Михаил не видел его крови, лишь чувствовал её на своих руках, но он был спокоен. Он даже был счастлив, что сын не увидел его смерти. Контрольный выстрел — и дядя Миша, крепко удерживая бездыханное тело Егора, рухнул вместе с ним на землю.
*
— Стойте, пожалуйста! Хватит, я… — лёгкие Беляка разрывались на части, он невыносимо устал.
— Вроде оторвались.
Пространство вокруг заполнилось тяжёлым дыханием, ноги сдавливала глухая боль; им пришлось пробежать нехилый марафон, и было трудно определить, какое расстояние они преодолели. Почти в полной темноте дистанция вообще не определялась, но было ясно одно — им удалось вырваться из лап смерти. Не всем.
Алек обернулся, услышав горькие слёзы отца. Точно так же, согнувшись и уткнув лицо в ладони, рыдал дядя Лёша. Сдавило горло от понимания, что не хватает двоих людей — дяди Миши и Егора, — тех людей, кто, наверное, больше всего заслуживал выжить. Тех, на чью долю свалилось слишком многое…
— Давайте пройдём ещё чуть дальше, потом сядем перекусить. Нам ещё долго идти, — заботливо предложила мама Игоря, которой, как и её мужу, бег дался куда легче остальных, ввиду натренированной годами выносливости.
Глаза уже привыкали к отсутствию света, теперь было не так сложно различать очертания, но всё ещё было трудно по-настоящему разглядеть что-либо. Все стояли, кроме Беляка — он сидел на корне, — у высокой сосны; пробел в виде дороги ещё виднелся, но они были слишком далеко от основного ориентира.

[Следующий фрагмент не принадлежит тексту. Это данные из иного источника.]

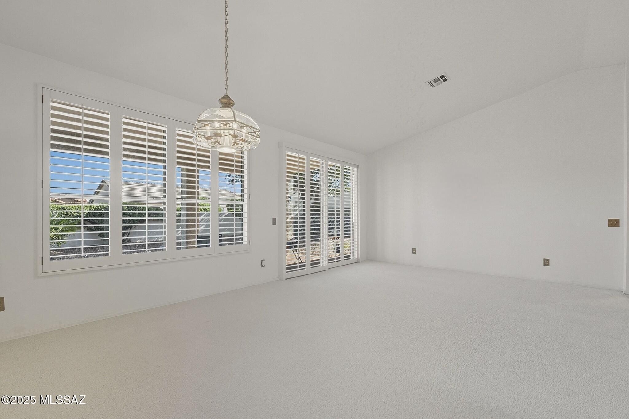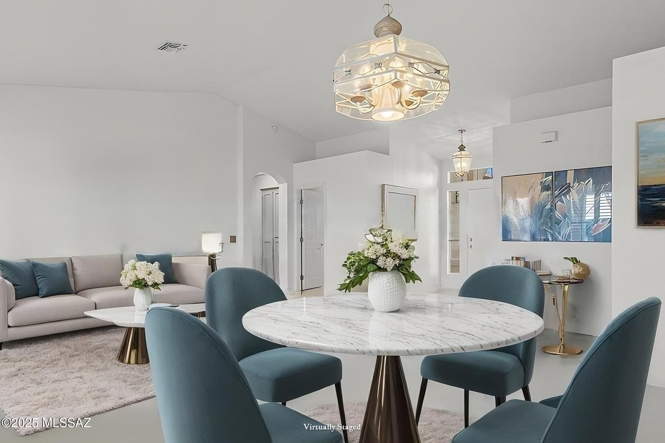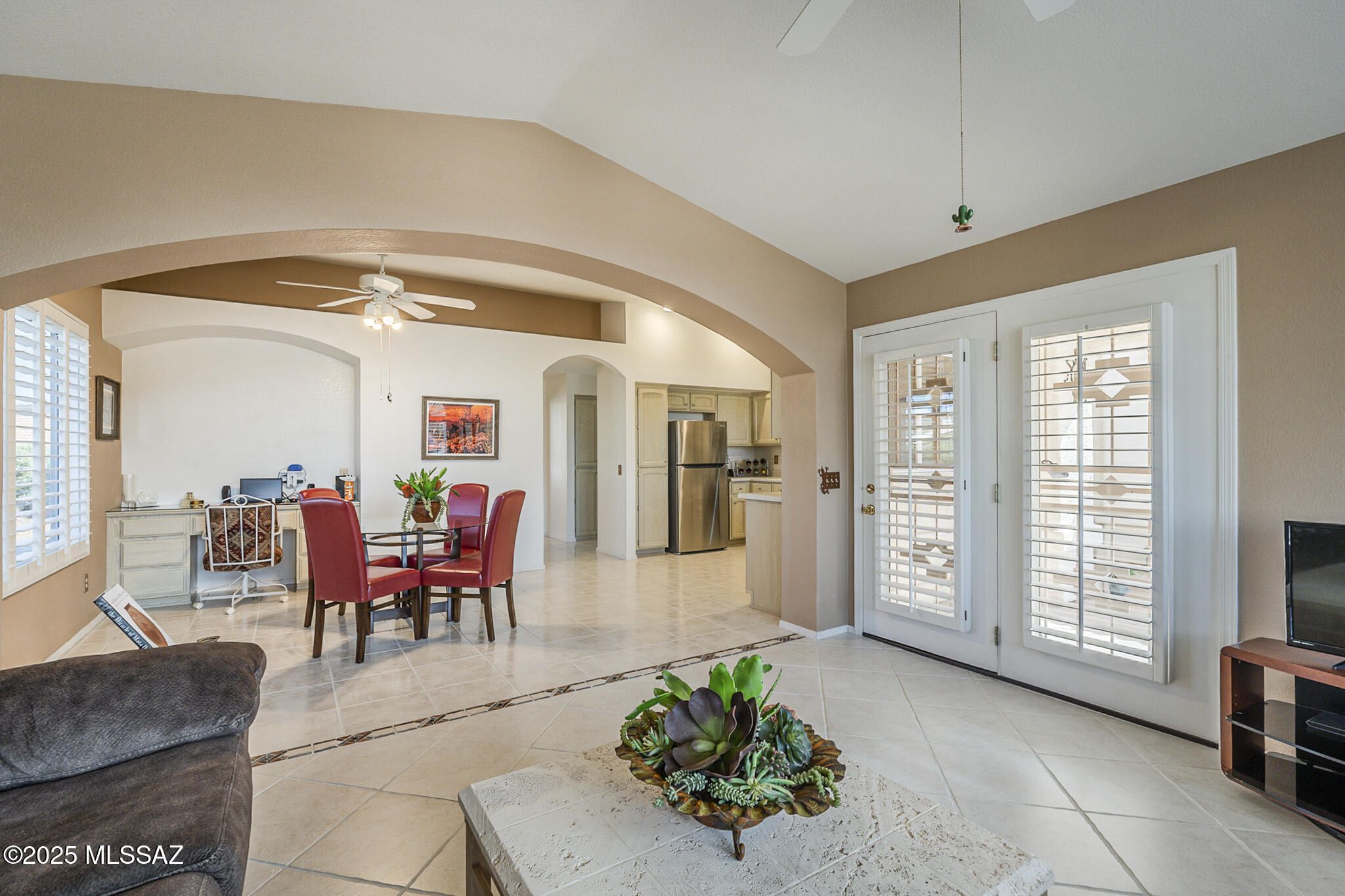Experience resort style living in highly sought after Saddlebrooke Golf Community. Meticulously maintained 2Bed 2ba+bonus room, w/welcoming covered front porch & extended flagstone patio to enjoy AZ outdoor living & mountain views. Popular split plan provides privacy along w/ versatile options for room design & use. A grand entry sets the tone, opening to a spacious living area w/vaulted ceiling & walls of windows that flow seamlessly to the rear yard entertainment area. The kitchen is the hub of the home featuring abundant cabinetry, sleek new stainless steel appliances, a convenient built-in desk & ample counter space adjoining casual dining area & bonus room, ideal for family gatherings or game night. Spacious primary suite hosts a new luxurious bath retreat

Игорь держался рядом с Алеком, заботливо интересуясь, как тот себя чувствует. Всё же он был довольно слабым, даже не смотря на хорошую скорость. Пользуясь моментом, Игорь, пряча в тени их небольшое проявление чувств, раскрыл его руку, сжатую в кулак, и ответная реакция не заставила себя ждать — Алек, убедив его, что с ним всё в порядке, нежно погладил его ладонь большим пальцем, ощутимо сжимая.
— Часть еды мы потеряли, но до утра точно хватит, — отец Игоря всё ещё держал планку твёрдости своего характера, за что тотчас поплатился.
— Не смей говорить в таком тоне! Они… — Ярослава разрывало от злости и несправедливости, слышать такое о лучшем друге было просто невыносимо.
Он замолчал, снова переваривая произошедшее. Он сразу подумал о жене Михаила. Супруг, самый верный компаньон в жизни, сын, чьё рождение они ждали слишком долго… их больше нет. А она — одна в мёртвом доме. Как бы она не наложила после такого на себя руки… такой исход, учитывая её характер, был слишком вероятен.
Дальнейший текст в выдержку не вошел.